Age Group: Children ages 10 and up
Helping a tween or teenager through a divorce is very different from reassuring a younger child, but that’s where books like Now What Do I Do? come in. It focuses on presenting the issues that come with divorce and the feelings your teen may be dealing with in a way they can relate to and connect with. It’s centered around helping children identify and put words to the emotions they may be feeling and gives them tools and strategies for coping with those feelings as well as situations that may arise, such as doing holidays separately.
Divorce books for teens and tweens are usually more hands-off when it comes to parental involvement, but it’s still a good idea to let your child know that you realize this is a difficult time for them and that they may prefer to talk to friends or other trusted adults but that you’re still there if they have questions or need anything. You might also want to check back in after they’ve had a chance to read the book and see if anything’s come up that they want to discuss. Don’t be surprised if you get the “it was stupid” or an eye roll. It’s common at this age for children to not want to seem uncool or like they needed help and to downplay how much they might have related to the book and the message.
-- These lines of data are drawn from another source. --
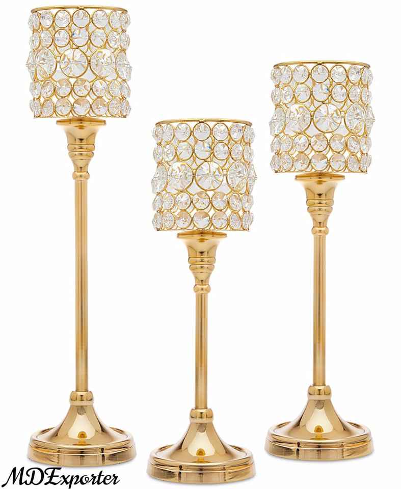 เชิงเทียนตั้งโต๊ะ,เชิงเทียนคริสตัลกลางโต๊ะสำหรับขายแก้วสีทองยาวสูงปรับแต่งสีพื้นพิมพ์
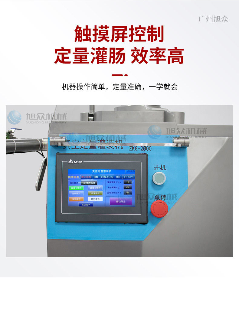 XZ-ZKG2800真空灌腸機(jī),真空葉片灌裝機(jī)連續(xù)作業(yè)加料后不需停機(jī),可灌肉粒&肉糜實(shí)用性強(qiáng)灌各種腸可做烤腸、親親腸、廣式臘腸、火鍋腸等連續(xù)灌制長(zhǎng)腸。
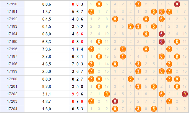 上期开奖号码是053,开出了小大小,偶奇奇的组六形态。分析近期的综合走势图,0号上期努力了一把,出现了久违的连开,不过它近期的出号能力不足以支撑3期的连开,本期可杀掉;1号已经遗漏了7期,近期1号走势不乐观,很快就要超过近期最大的遗漏了;6号原来在隔期和连开的状态上,自从出现了2期的间隔之后似乎出号积极性不如之前强,本期看淡6号;9号最为大冷号爆冷,近期回暖动作迟缓,不建议本期开出。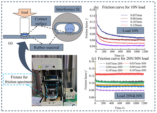 The experiment was conducted under actual well conditions, employing liquid lubrication in an oilfield with shale oil. This setup simulated the working environment of a downhole screw pump for tribological experiments. Applying different loads to better simulate the friction characteristics of rubber after pressure deformation during downhole screw pump stator-rotor interference fit (Figure 11a). The friction coefficient of the rubber specimen exhibited a decreasing trend during the first 200 s of the friction experiment due to the high initial pressure. Subsequently, it gradually reached a plateau after 200 s. The friction factor value after the stabilization of the friction curve served as the standard for evaluating the tribological performance of different textures.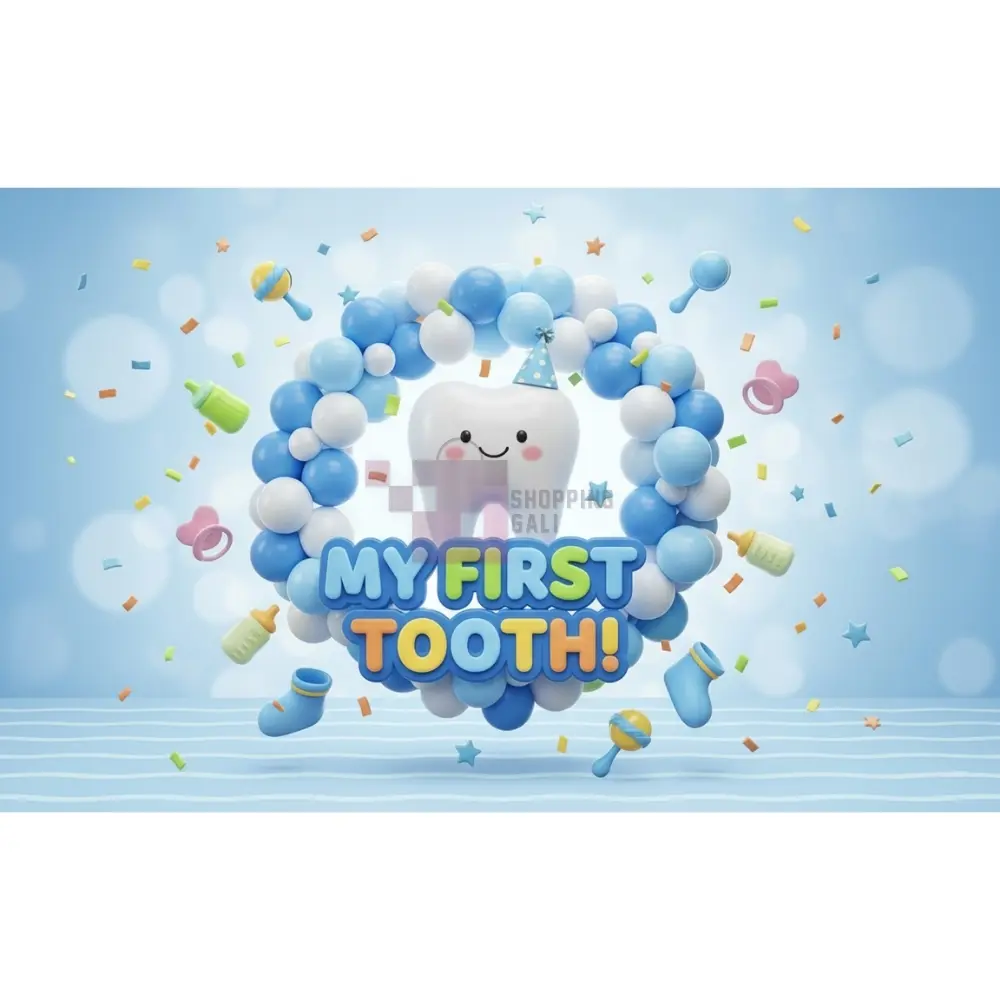 Celebrate a major milestone with this charming My First Tooth Banner! Made from durable Panaflex material , this banner features a large, smiling tooth character wearing a small party hat, framed by a wreath of blue and white balloons. The Blue background is scattered with confetti, baby bottles, pacifiers, and rattles. The text reads "MY FIRST TOOTH!" in a colorful, fun font. This banner is approximately 36 Inch By 24 Inch in size, making it a perfect photographic backdrop for a Teeth Themed Party or celebration for Boys. This decoration comes as a single Pack Of 1 banner. Product images are original and I hope you will love them.

Reading about something is good, and getting advice on how to deal with divorce is great, but Lisa Schab takes it to the next level by giving teens an actual workbook to help them deal with the divorce and start moving toward a positive future. The book includes pen and paper activities and worksheets that give teens something to do to start working through their emotions and preparing for life post-divorce. It’s been a favorite of many school counselors and mental health professionals and receives rave reviews for being a practical tool to help teens get through divorce as smoothly as possible.
While this book is very well-rounded and covers all of the various aspects of divorce and how you’re teen may be feeling, the workbook style means your teen will only get out of it what they put in. This may mean that this book is best suited for teens who are actively interested in learning how to cope during this time or as a tool to be used alongside counseling appointments or group meetings for teens whose parents are divorcing.
When you’re talking to your children about divorce, remember that it’s important to present a united front if at all possible. They will likely handle the news better if it comes from both parents saying the same thing at the same time. This also shows that the decision was a joint one, so there’s no need to side with one parent over the other. Communicate what’s happening and how it’s going to affect practical things like living arrangements or school as clearly and concisely as possible, focusing on keeping the details age-appropriate.
It’s also a good idea to be prepared to have to revisit the conversation. Children may have more questions or concerns as they process the news or may have periods where they are angry or sad. Being open to continued communication about the divorce and the changes it brings can help your children feel like they can talk to you and express their emotions, which will help them better deal with them in the long run.